NASA’s human spaceflight program has spent the intervening 50-year period from Apollo 17 working in low-Earth orbit and preparing to pick up where that program left off. The 135 launches of the Space Shuttle, the building of the International Space Station, and the many lessons learned living and working in the microgravity environment laid the groundwork for Artemis.



On November 16 of this year, NASA took the next major step in returning to the Moon with the launch of Artemis I. Millions around the world watched live as the Space Launch System (SLS) rocket launched the Orion spacecraft on its 25-day mission that saw the un-crewed vehicle log over 1.4 million miles and travel farther (40,000 miles beyond the far side of the Moon) than any human-rated spacecraft has ever traveled.

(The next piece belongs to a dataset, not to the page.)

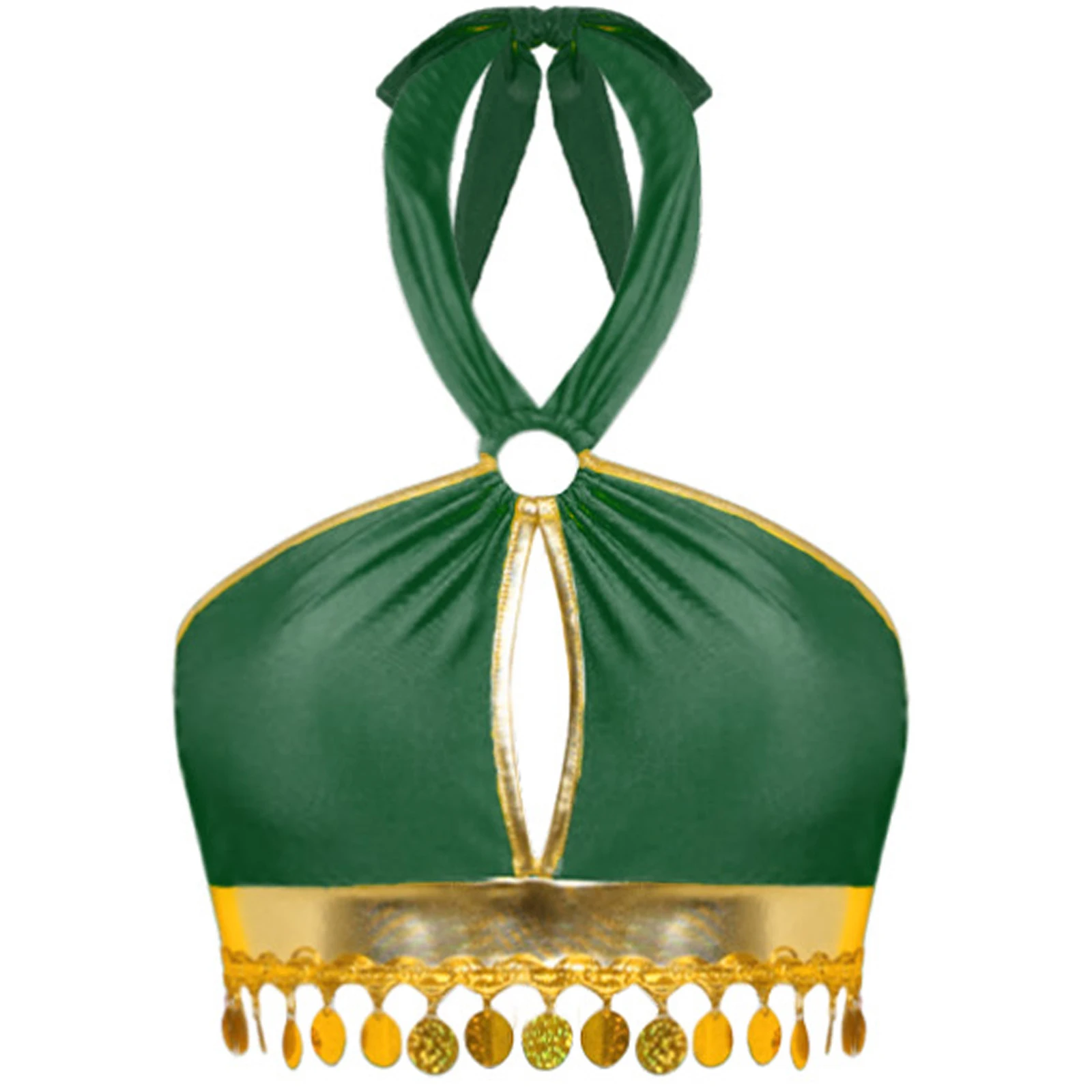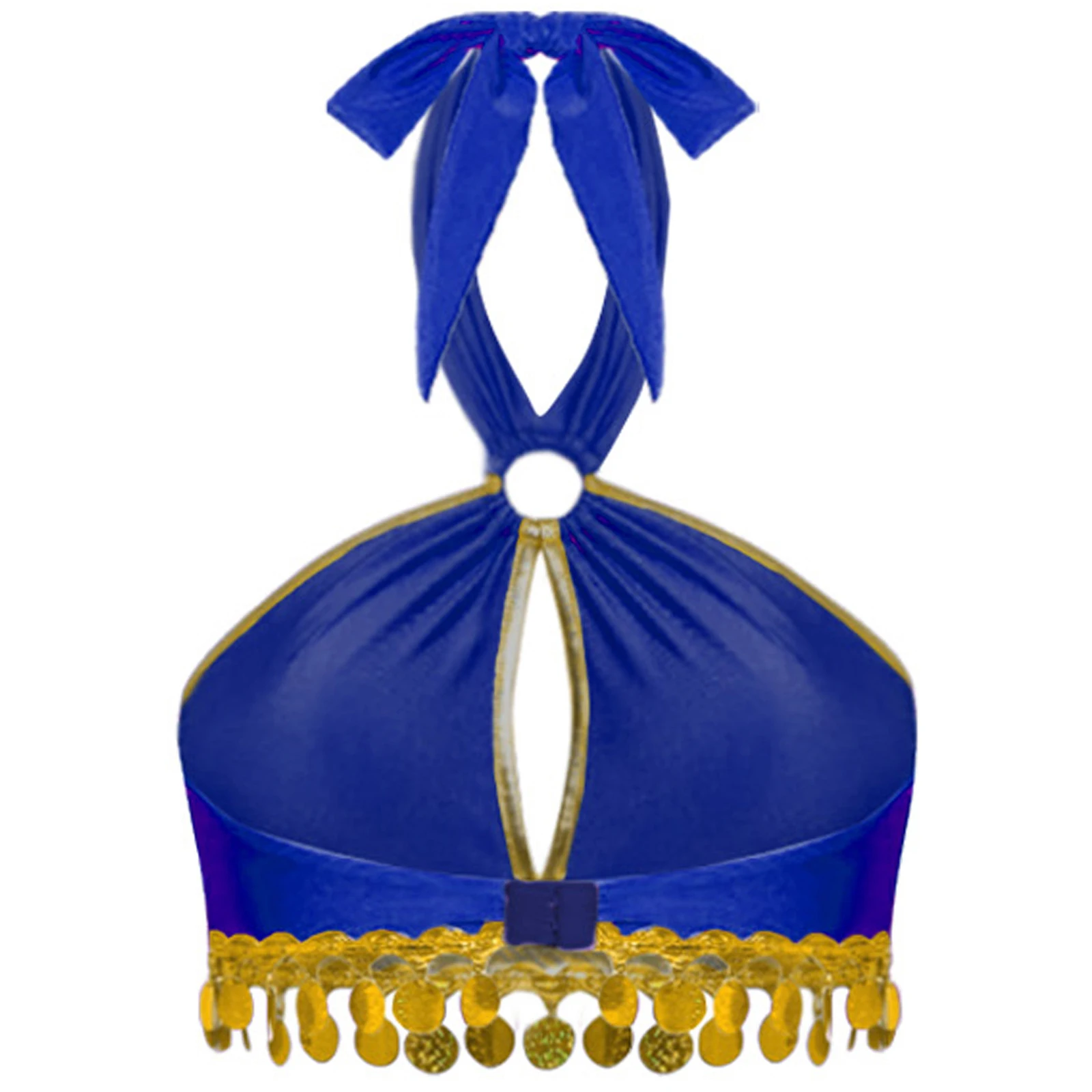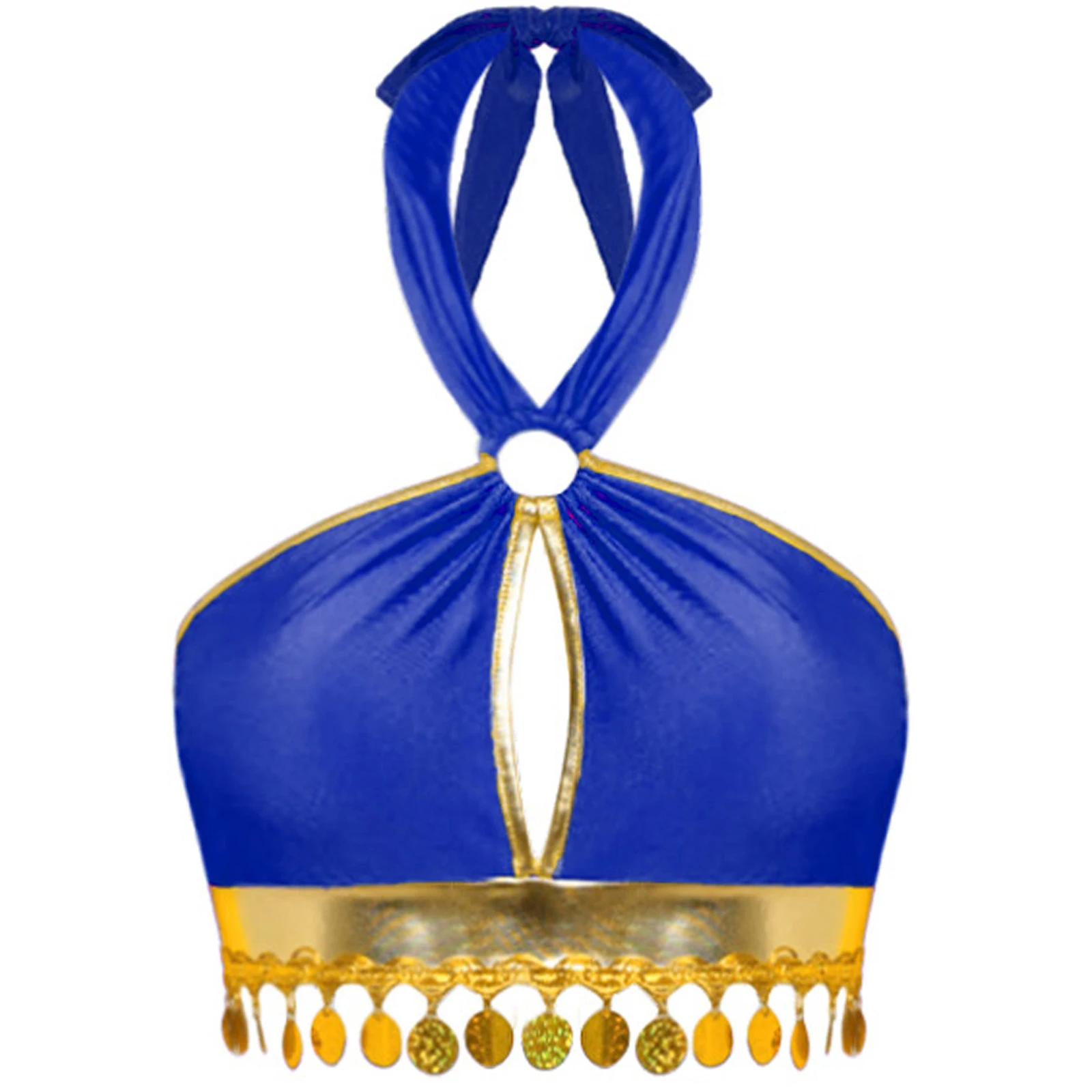 The self-tie halter keyhole front design of the crop top adds a touch of fashion, making it a trendy choice for belly dance.

Orion made its initial flight around the Moon and has returned stunning images rivaling the Apollo 8 “Earthrise.” This historic milestone represents a truly monumental achievement. But this is only the first step.



As historians, we must always consider the deeper context and analytical frameworks. What do past programs, including Apollo, the Space Shuttle, and the International Space Station, tell us about what we can expect from this and the next steps? Will abandoning the Cold War approach of Apollo and embracing a more coalition-building approach that includes commercial and international partners make this new round of lunar exploration more sustainable? Will success for Artemis coupled with potential new markets lead to a revolution in aerospace technology capable of reaching Mars?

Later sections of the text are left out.